On St. Peter Street in the Crescent City's French Quarter is Preservation Hall, home of the Preservation Hall Jazz Band, purveyors of what is billed as the authentic sound of New Orleans.

Preservation Hall, true to its name, has maintained the same look and feel since it was opened as a performance venue in 1961 by the late Allan Jaffe, a tuba player in the jazz band.

Before that time, the building, which dates back to 1750, had served as a private residence, tavern/inn, photo studio and art gallery. Elements of all of those incarnations still linger in Preservation Hall.

Other than the nightly cover charge, which usually ranges from $8 to $15, very little has changed at Preservation Hall since it was founded, from the original low benches to the worn floorboards.

A legacy lives on

In order to ensure that the spirit of this veritable institution is not lost, Ben Jaffe, Allan's son, this summer released "Made in New Orleans: The Hurricane Sessions," a limited-edition box set featuring a CD of he Preservation Hall Jazz Band's music and a DVD of the group's history.

There are old and new recordings, and a few tracks were reproduced to combine old and new. Original, previously unreleased recordings by Allan Jaffe were on tapes salvaged by his son from the flooded Sea-Saint Studios.

For collectors, each box set contains Preservation Hall memorabilia accumulated over the years, such as reproductions of original photos that were also rescued from Katrina debris.

"When we came back, we decided we had to put it out to tell the world what Preservation Hall is all about," said Laura Belinda Tennyson, president of Lura Belle Productions.
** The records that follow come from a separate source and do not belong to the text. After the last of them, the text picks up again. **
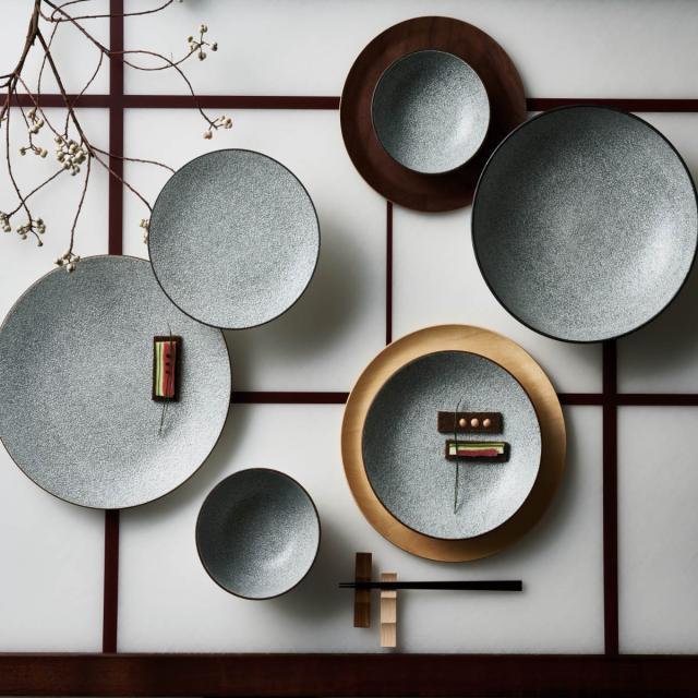 落ち着いた色味と網目状の細かな模様が特徴の「安居(あんご)」シリーズ。シンプルな形と色味のため、どんな料理とも馴染みやすく、普段使いにも取り入れやすいアイテムです。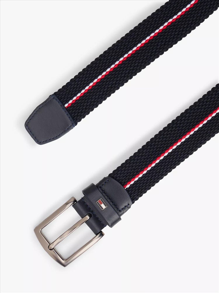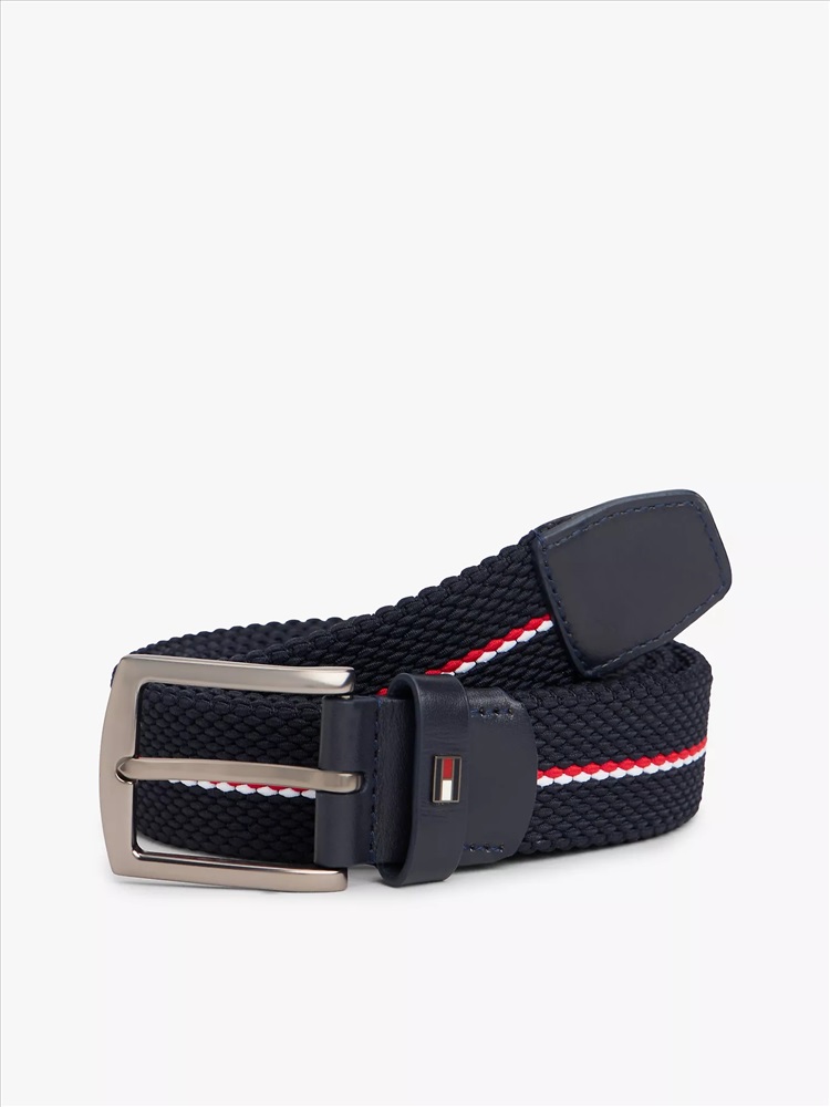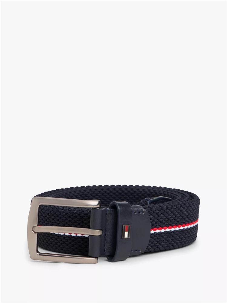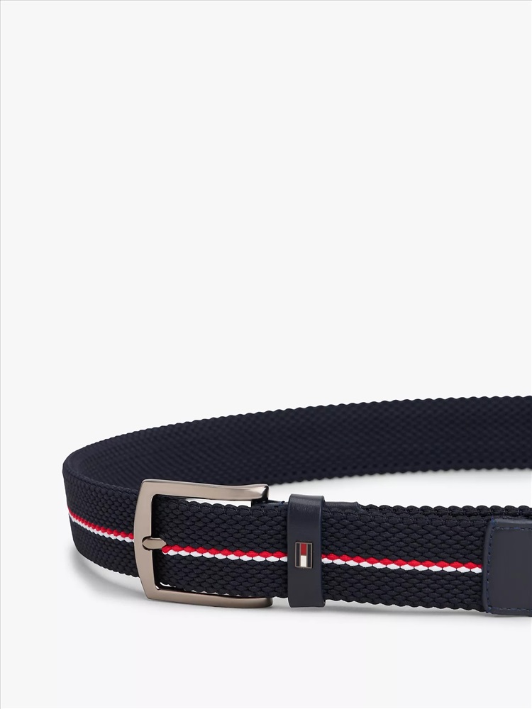 Tommy Hilfiger men's belt. Show some brand love with this signature stripe belt, made from stretchy elastic weave that adds texture to your look.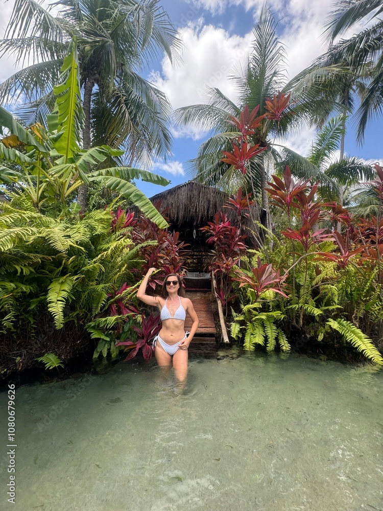 Fotografía beldade de biquíne em paraíso tropical exótico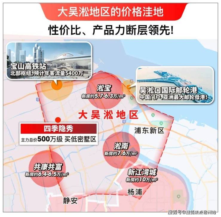 四季隐秀是大吴淞地区的价格洼地,总价500万级买入低密墅区,性价比遥遥领先。 ②北部枢纽+吴淞口国际邮轮母港,势能澎湃!

Tennyson has been assisting Preservation Hall's public relations effort since Katrina.

In addition to looking back, Jaffe, who serves as Preservation Hall's artistic director, has been looking to the future, making efforts to attract young people to the historical venue.

Recent efforts have included a remix album of traditional New Orleans jazz that was put together with the help of DJ King Britt; a recent series of late-night shows called "Midnight Preserves," which featured contemporary musicians such as Jon Cleary and Charlie Hunter; and even a Preservation Hall Jazz Band music video.

"These projects are an extension of what Preservation Hall does," Jaffe said.

As the group tours extensively, the Preservation Hall Jazz Band is not always in residence.

Even so, the Hall is usually open, serving as a home to the New Birth Brass Band and Lyle Henderson, who is known as New Orleans' "Prince of Gospel."